Any serious adverse event
6.2% vs. 5.8% (P=NS)
Renal failure: 3.2% vs 2.5%
Supraventricular cardiac arrhythmia: 0.9% v. 1%

Criticisms

  • Higher proportion of patients in permissive hypotension group (34% vs. 31%) required dependence assistance prior to enrollment, suggesting a more sick or frail population in the comparator
  • Used a "clinical nudge" for intervention on pumps and notes
  • Open label design may lead to bias from the clinical team
  • Mortality in usual care group was higher than expected

Funding

  • NIHR HTA Programme project 15/80/39
  • Intensive Care National Audit & Research Centre (ICNARC)
  • NIHR Research Professorship award and the NIHR Comprehensive Biomedical Research Centre, grant RP-2015-06-018
  • Fonds de recherche du Québec–Santé (FRQS) career award
  • UK Critical Care Research Group
  • NIHR Clinical Research Networks

Further Reading

  1. Ciolino JD et al.

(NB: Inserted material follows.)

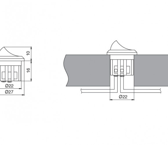 BH300 — это выключатель клавишного типа, предназначенный для включения и выключения светильников. Он размещается между светильником или источником питания и вилкой. Провода фиксируются с помощью предустановленных винтов. Выключатель устанавливается в отверстие Ø22 мм.

Ideal vs. real: a systematic review on handling covariates in randomized controlled trials. BMC Med Res Methodol 2019. 19:136.
  2. Richards-Belle A et al. Evaluating the clinical and cost-effectiveness of permissive hypotension in critically ill patients aged 65 years or over with vasodilatory hypotension: Protocol for the 65 randomised clinical trial. J Intensive Care Soc 2020. 21:281-282.